The history of an LP is far far less in time than the historical life span of the printed book by some two thousand years or so, so it may take a long long time before we see paper books reduced to the level of vinyl records. Good or bad though, it seems inevitable at some future date that eBooks will far outsell and be the preferred platform to read a book. This two lists below is an extremely small snapshot, it could easily have been a list of 20 plus, but for sake of being long-winded, here are a few.
The Pros About eBook and eReaders
- Price :: It’s almost always cheaper
- Weight :: No matter how many books, they all weigh the same
- Features :: instant searching, highlights, bookmarks, notes, and more
It is almost always the case that eBooks are cheaper than paper copies, sometimes drastically cheaper. This is just the realities of the manufacturing process. Paper is expensive, uses natural resources, and you are taking a digital original (I am guessing no author writes by hand, but all use a computer to write) making it into paper. An eBook you don’t have that conversion.
There are still publishers that just don’t get it, or are overly greedy. I would love to see one give a side by side comparison of profit margins for an eBook over a paper copy that has to make its way into the distribution network. An eBook is overwhelmingly cheaper to produce and distribute than a paper copy, so “most” publishers pass that savings along to their customers. If the eBook is close to the same price, it shouldn’t be. DRM is always trying to rear its ugly head as well.
I can carry 10 books, or 100 books on my iPad 2 and their combined weight is still going to be 1.33 pounds (601 g). This is a bigger deal, at least to me, than it sounds. If I am going on a trip, especially on a plane, I can literally take as many books as I can possibly read, that just isn’t physically possible with paper.
This in an incredible feature of owning an eBook. You have instant access to search all aspects of the book, your notes, highlights, and you even have instant access to a dictionary, Wikipedia search, or even a google search on a selected area (try searching the bible for one single word or phrase by paper).

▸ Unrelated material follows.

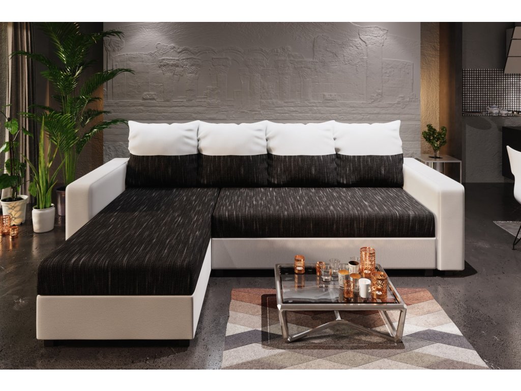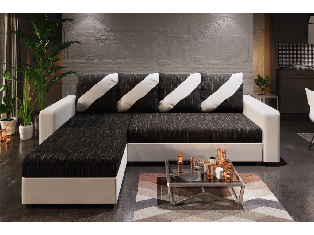 Moderní rozkládací sedačka menších rozměrů ASTANIA L v potahovém provedení KORNET 10/DOLARO 511 v levém rohu má opěradlo tvořené čtyřmi dvoubarevnými polštáři, které mají z jedné strany vodorovné pruhy a ze strany druhé šikmé pruhy. Můžete si tak otočením polštářů měnit vzhled sedačky. Každý polštář má praktické zapínání na zip.

Amazon takes this one step farther and offers all highlights, notes, and bookmarks for each book on your Amazon account at http://kindle.amazon.com/. From there you can access everything associated with each kindle book.
The Pros About Paper Books
- The Physical Smell and Feel of Paper?
- Paper is Art :: it is created only when reading is complete
- Comfort Factor
This seems to be the biggest hang up with those who love paper books, you can’t get that musty smell of the paper and ink with an iPad. I know this smell well. Deb and I owned our own book business for several years (see We are No Longer Selling Books as Amazon Marketplace Sellers) and we had a house filled to the brim with tens of thousands of books. It is a smell that lingers with you for a long time. Personally, I love the smell of solder and computer boards in the morning, but it’s true, you don’t get that connection with nature without the paper.

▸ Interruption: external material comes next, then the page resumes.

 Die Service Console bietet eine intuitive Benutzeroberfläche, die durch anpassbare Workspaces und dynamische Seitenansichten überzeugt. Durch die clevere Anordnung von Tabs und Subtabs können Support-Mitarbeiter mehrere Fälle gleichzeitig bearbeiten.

I understand this one too, but I would think a hand written copy by a scribe would be more art than a bulk made printing press, but yes, you the reader make the book into art as you read the book. If you highlight, underline, scribble, you are free range on the book and when the book is finished, you have a new “work of art” unlike anyone else. Of course if you are one who never highlights or makes notes (and if you are, I don’t get that either), then the book is not art, but just the same book that still sits on a Barnes & Noble shelf.
For some it’s just the comfort, like that of an old slipper. A book, by definition, is paper. If it’s digital, call it an eBook, not a book. Some say it just isn’t the same to curl up with your iPad eBook in front of a warm fire and drift off into the greater beyond of reading. I will say on this point that there is a distraction factor with a digital device that is totally removed by a paper book. Your paper book won’t pop up with a Tweet or news alert while you are in the middle of a deep chapter, and this adds to the comfort level.